La liste reprend les noms des Congolais qui prêchent pour leur propre chapelle. L’ancien gouverneur de l’ex-province du Katanga, Moïse Katumbi, est aussi cité. C’est par sa Compagnie minière du Katanga (CMK), puis gérée par Madame son épouse – avant sa vente à Necotrans – que ces affaires étaient conclues. En 2013, CMK avait recouru à Akin, Gump, Strauss, Hauer&Feld pour influencer l’ouverture d’un consulat américain à Lubumbashi et faire pression sur l’USAID pour l’envoi des maïs à Lubumbashi. Coût de l’opération : 350 000 dollars par an.
Selon les archives de Foreing Agents Registration Act, le lobbyiste n’a cependant eu qu’une réunion pour le compte de CMK dans la seconde moitié de l’année 2013, avec le président de la commission des affaires étrangères à la Chambre des représentants, Ed Royce.
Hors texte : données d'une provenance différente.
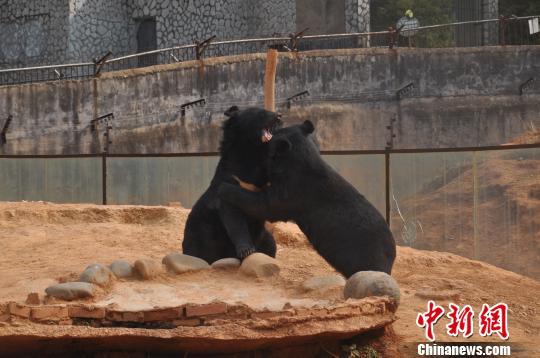 A villager in Yunnan province bought two “dogs” from a Vietnamese two years ago. This year, he found they turned out to be black bears, a class II protected species in China. Recently the bears have been sent to Yunnan wild animal shelter. The two bears play in Yunnan wild animal shelter. (CNS/Baituo)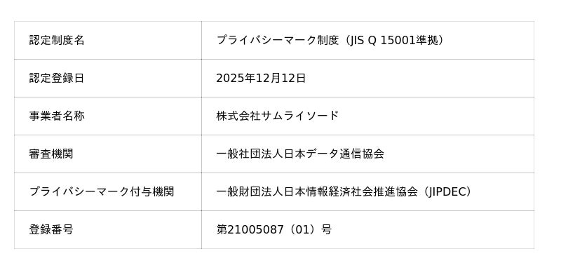 株式会社サムライソード(本社:東京都豊島区、代表取締役:比企 良公)は、一般財団法人日本情報経済社会推進協会(JIPDEC)よりプライバシーマーク(Pマーク)の認定を取得いたしましたのでお知らせいたします。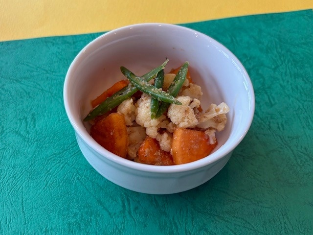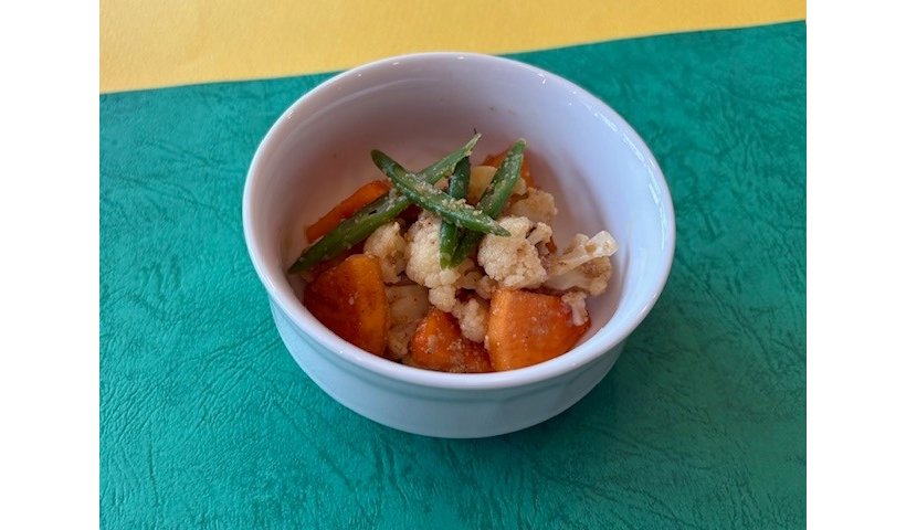 - ごまだれを作り、柿とカリフラワーと和えて出来上がり。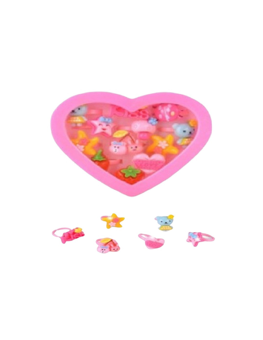 Zestaw pięknych pierścionków dziecięcych z regulacją w różowym pudełeczku w kształcie serca.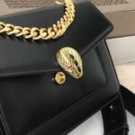 This new addition to Bvlgari’s Serpenti Forever collection offers a crossbody bag with contemporary appeal. Crafted from soft black nappa leather, it features gold-plated brass hardware and a Serpenti head closure. The closure is inspired by a 1960s Bvlgari heritage watch, complete with black onyx scales and red enamel eyes. The Bvlgari chain that drapes across the flap adds a jewelry-inspired element, and it can also serve as a chic handle.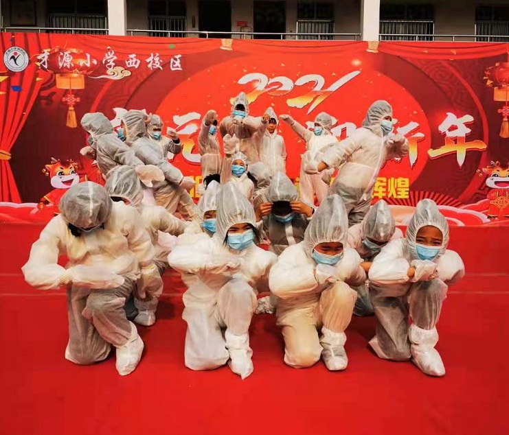 在該縣才源小學(xué)西校區(qū),三年級三班、四班、六班、八班合作編排了《與時間賽跑》情景劇,充分展示了在抗擊疫情期間,醫(yī)護人員奮勇當先的責(zé)任擔(dān)當,逆行出征的義無反顧,風(fēng)雨兼程的無私奉獻。舞臺上,孩子們的精彩表演,獲得了陣陣掌聲。

Toutes les autres réunions initiées pour le compte de CMK auraient porté sur le processus électoral, plus précisément sur la présidentielle congolaise, rapportent d’autres sources généralement bien renseignées.
En 2015, le contrat a été renouvelé et les lobbyistes ont revendiqué, pour les 240 réunions, les courriels et les appels téléphoniques avec divers responsables sur… les élections présidentielles. « MCK pousse à l’action les États-Unis pour garantir la sortie de Kabila en 2016 », affirme Jason Stearns. Par le passé, d’autres Congolais avaient recouru aux services des lobbyistes yankees. Des candidats à la présidentielle, particulièrement Nzanga Mobutu, Oscar Kashala.